A few years ago those same people decided to have a reunion party. It had been two years since we graduated and I was twenty. I went after Sid’s incessant nagging. He learned of it because Blake made the dumbass mistake of bringing it up to me in front of him. Sid thought it sounded fun—going to a campsite to party with my
friends
from high school. They weren’t my friends.

I was an adult and didn’t have to listen to him, but I didn’t want Sid to worry for me. He was the one person in the world that I owed my sanity. He took me in without question and raised me as his own. I wanted him to be proud of me, so to make him happy, I went to that fucking party.
 

I didn’t drink then, so I imagined the fun to be had, hanging out with people I despised—but drunk. I tried to convince myself that it was a social experiment. I watched the herd and their following of each other. Gods forbid one went outside the norm and had an original thought and strayed from the path pushed upon them.

The girls were vipers waiting to attack. Black widows or praying mantises was a better description. I had found Blake talking to a small blonde haired girl that I didn’t recognize. We hadn’t graduated with her and she was different than them, but he was going to use her. It was his way. I liked Blake, but he was capable of so much more if he stopped trying to fit in so damn much.

He grabbed my hand in a fist as he always did and gave me the
bro hug
that so many guys do. I still wonder what movie the interaction first happened in to make it a common reaction to seeing your friend. It always made me uncomfortable.

He asked me that day when I was going to put weight on and gave me a rough shove. He looked at the girl after as if the shove impressed her. I didn’t stumble back when he did it and held my ground.

I ignored him and set my attention to the crowd around the fire. They were talking, but not talking.
Mindless chatter.
I thought of my new tattoo inside my arm. Salinger was right. People don’t care if you are speaking to awaken them to a truth they never thought possible. If it didn’t help them in the physical world, it was worthless and they didn’t notice. They float through life trapped in their own mind and others are a means to an end for them to get what they want.

Blake introduced the girl as Lilith and I nodded in her direction and didn’t listen as Blake told her my name. Blake wanted to have his own time with this girl, so I left him to it. She was fresh meat and the sharks waited on the sidelines in case Blake decided to drop the bait.

I sat near the fire and stayed at the party for another hour until a girl came over to talk to me. I remembered playing tag with her when we were in second grade. She was fast and always tagged me
it.
She smiled at me that night and asked to sit by me. I gave a slight nod and waved my hand. I was
it
again.

She asked me mindless questions on potential colleges, showing a false interest in my life.

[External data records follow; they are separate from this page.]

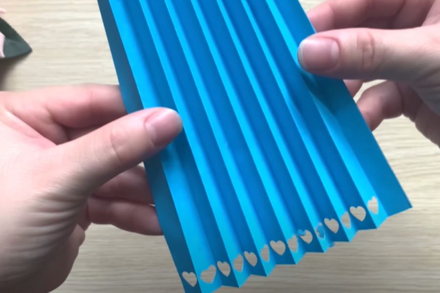 Bước 2: Sau khi gấp xong hình quạt dùng ghim bấm tạo kiểu hình trái tim để được như hình minh họa.
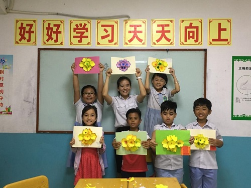 志愿者潘老师和学生漂亮的贺卡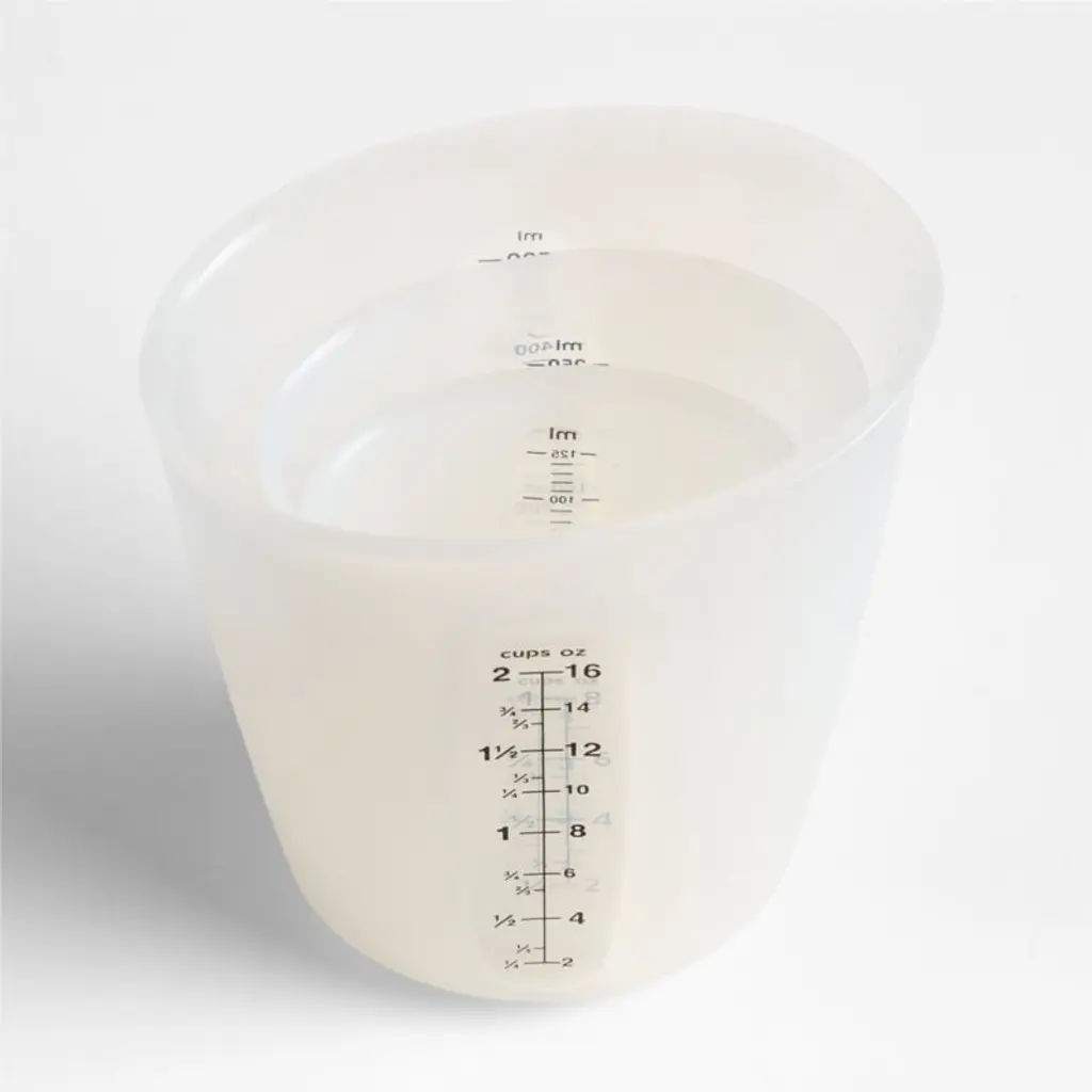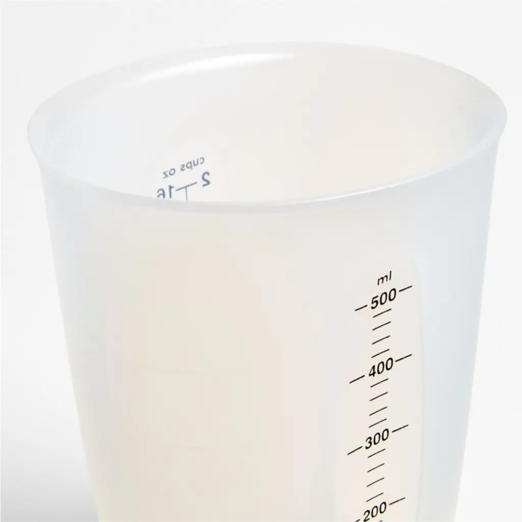 Our innovative measuring cup set makes it easy to measure liquids for cooking, baking and cocktail making. Crafted of translucent silicone for a clear view of contents, the cups are clearly marked with milliliters and ounces in crisp black. To pour your measured-out oil, milk, broth or vinegar, simply squeeze the cup to create a pour spout. The three cups clean up easily in the dishwasher and nest neatly for compact storage.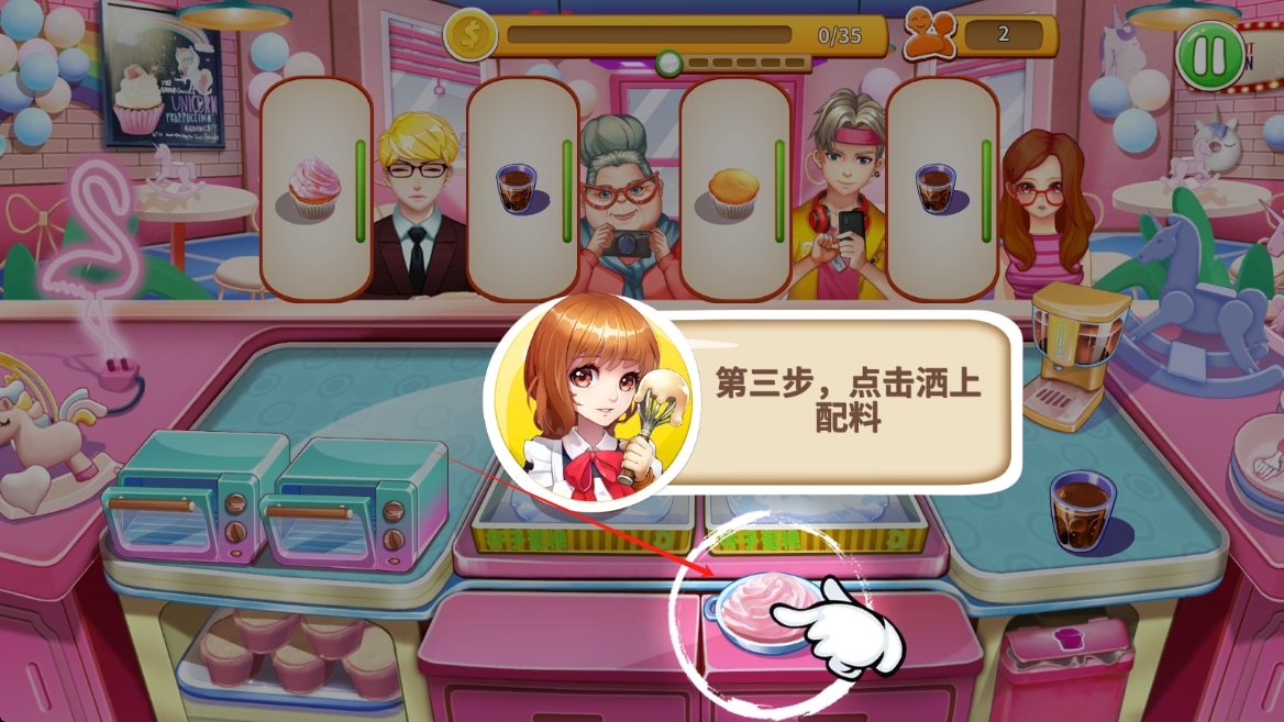 3、最后点击洒上配料,完成食物制作,满足顾客需求。

I had told her I didn’t understand the point because it’s filled with more people memorizing and repeating what they’re told. But in college, you get a degree that says you memorized and repeated enough to qualify you for a job. I told her I didn’t need the debt or the fucking experience.

She laughed and had told me I was depressing. I agreed, and she asked if it was because I needed to get laid. I still remember the smell of beer and peppermint as she whispered with seductive eyes, running her fingers across my Salinger tattoo, not noticing my disgust. But she noticed my disdain when I lifted her hand from my arm and flung it to her own lap.

Her eyes turned dark as she said one word through clenched teeth.
Fag
. That word and her reaction was enough to make me want to destroy, as if the rational conclusion to my not wanting to be with her must be because I preferred men. I hated these people. Their narcissistic closed minds made me ill.

As I was getting ready to leave, one of the former football players came up to me and yelled to everyone that I was gay. With a
defying grin, he had asked everyone if they made sure to watch their asses when we were in gym. Blake came over and shoved the guy away from me. He had this need to defend me and I never understood why.